** Raw data follows **
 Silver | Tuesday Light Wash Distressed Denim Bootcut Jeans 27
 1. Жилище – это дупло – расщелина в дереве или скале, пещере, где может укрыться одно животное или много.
** End of Raw data **
** Raw data follows **
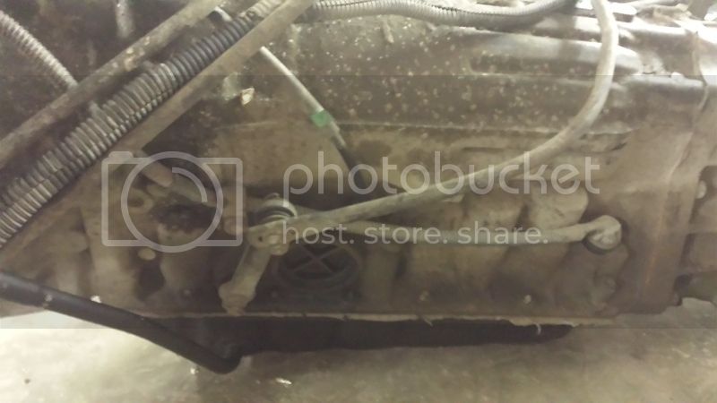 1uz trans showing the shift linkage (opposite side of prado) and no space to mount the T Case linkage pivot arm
** End of Raw data **
→ Exercise aim
In your answer, include only the lines above starting at the line that holds "Silver | Tuesday" and ending at the line that holds "1. Жилище –", copied exactly.

→ Result of the exercise
 Silver | Tuesday Light Wash Distressed Denim Bootcut Jeans 27
 1. Жилище – это дупло – расщелина в дереве или скале, пещере, где может укрыться одно животное или много.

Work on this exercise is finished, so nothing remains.